An Azure ExpressRoute circuit or a site-to-site VPN facilitates access to Application Gateway.
An NSG is configured on the AppGW subnet to allow incoming private requests from on-premises customer networks where traffic originates from. This configuration ensures that other sources of private traffic can't directly reach the private IP address of Application Gateway.
Application Gateway has a listener that's configured on port 80 and port 443. Traffic is routed to the back end based on the hostname that's specified within the listener.
Only private network traffic reaches the compute that's configured as a back-end pool in Application Gateway.
Components
DNS: For a public internet workflow, you must configure a public Azure DNS zone with the proper CNAME of the Azure Front Door endpoint FQDN. On the private (enterprise) side, configure the local DNS provider (Windows Server Active Directory DNS or a partner solution) to point each application FQDN to the private IP address of Application Gateway.

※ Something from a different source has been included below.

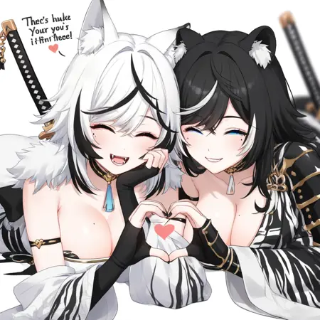 Erika Byakko, White Tiger Girl, White Tiger Tail, White Tiger Ears, White Hair, Short hair, black and yellow hair highlights, heterochromia, blue eye, yellow eye, fangs, thick thighs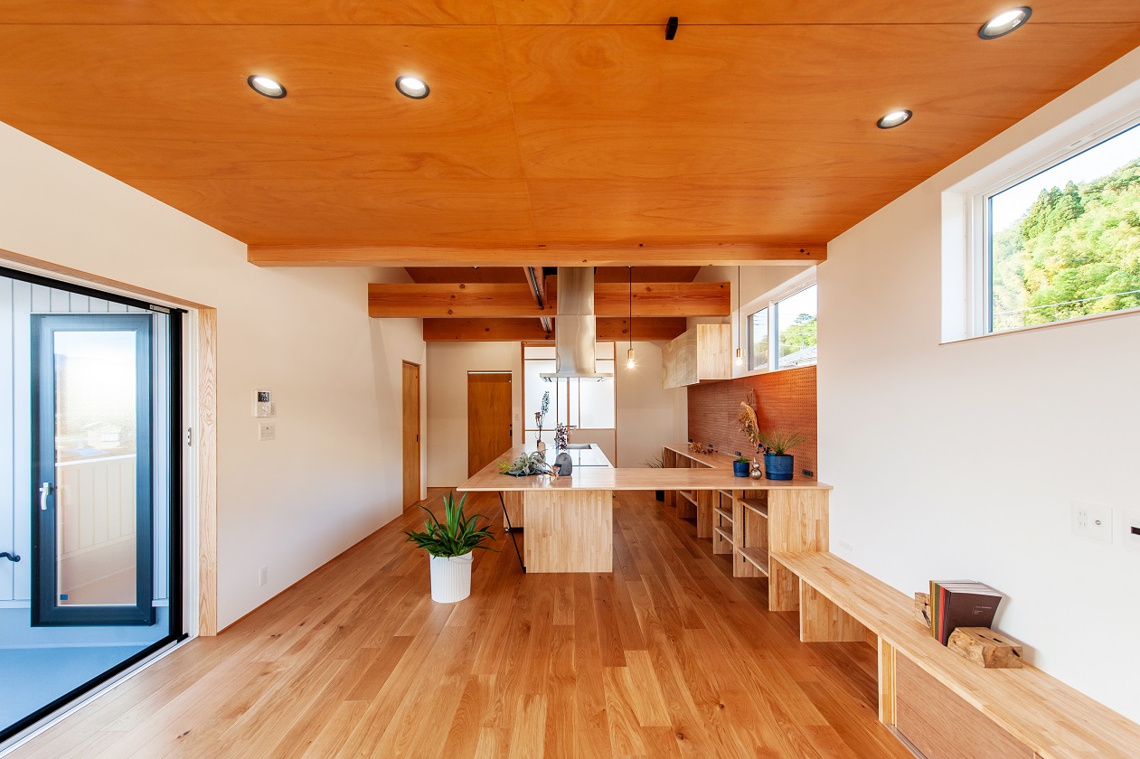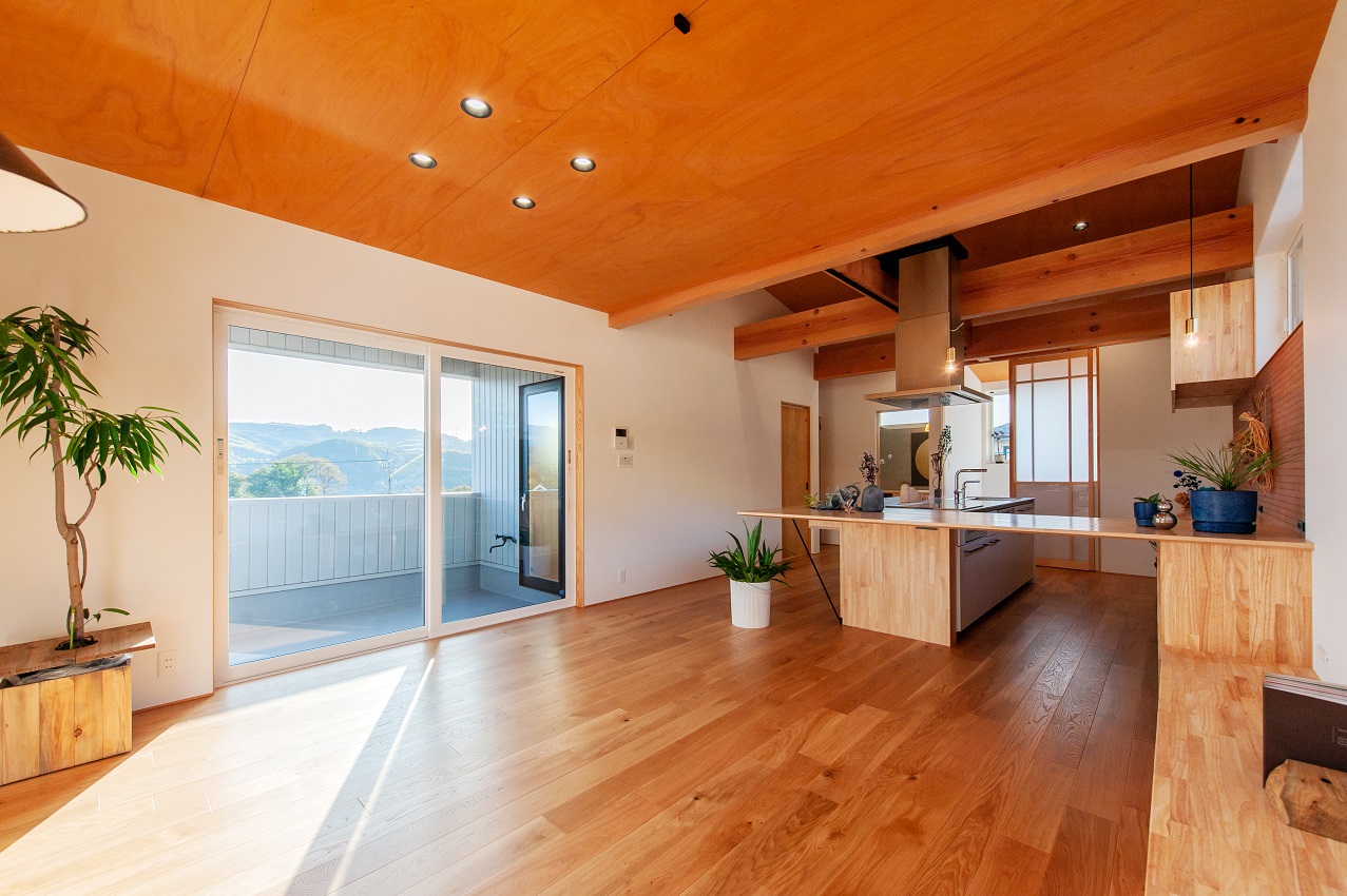 ポイント:リビング、キッチン、自由設計、テラス、自然派素材

Azure DNS Private Resolver: You can use DNS Private Resolver for the resolution of on-premises customers. Enterprise customers can use this split-brain DNS solution to gain access to applications without traversing the public internet.
Azure Front Door: Azure Front Door is a global load balancer and WAF that provides fast and secure web application delivery to customers around the world. In this architecture, Azure Front Door routes external customers to the Application Gateway instance and provides caching and optimization options to enhance customer experience.
Application Gateway: Application Gateway is a regional load balancer and WAF that provides high availability, scalability, and security for web applications. In this architecture, Application Gateway routes external and internal customer requests to the back-end compute and protects the web application from common web attacks.
Both Azure Front Door and Application Gateway provide WAF capabilities, but the private workflow in this solution doesn't use Azure Front Door. Therefore, both architectures use the WAF functionality of Application Gateway.
ExpressRoute: You can use ExpressRoute to extend your on-premises networks to the Microsoft Cloud via a private connection, with the help of a connectivity provider. In this architecture, you can use ExpressRoute to facilitate private connectivity to Application Gateway for on-premises customers.
Alternatives
As an alternative solution, you can remove Azure Front Door and instead point the public Azure DNS record to the public IP address of Application Gateway. Based on this architecture's requirements, you must do caching and optimization at the entry point into Azure. Therefore, the alternative solution isn't an option for this scenario. For more information, see Cost optimization.
Download a Visio file of this architecture.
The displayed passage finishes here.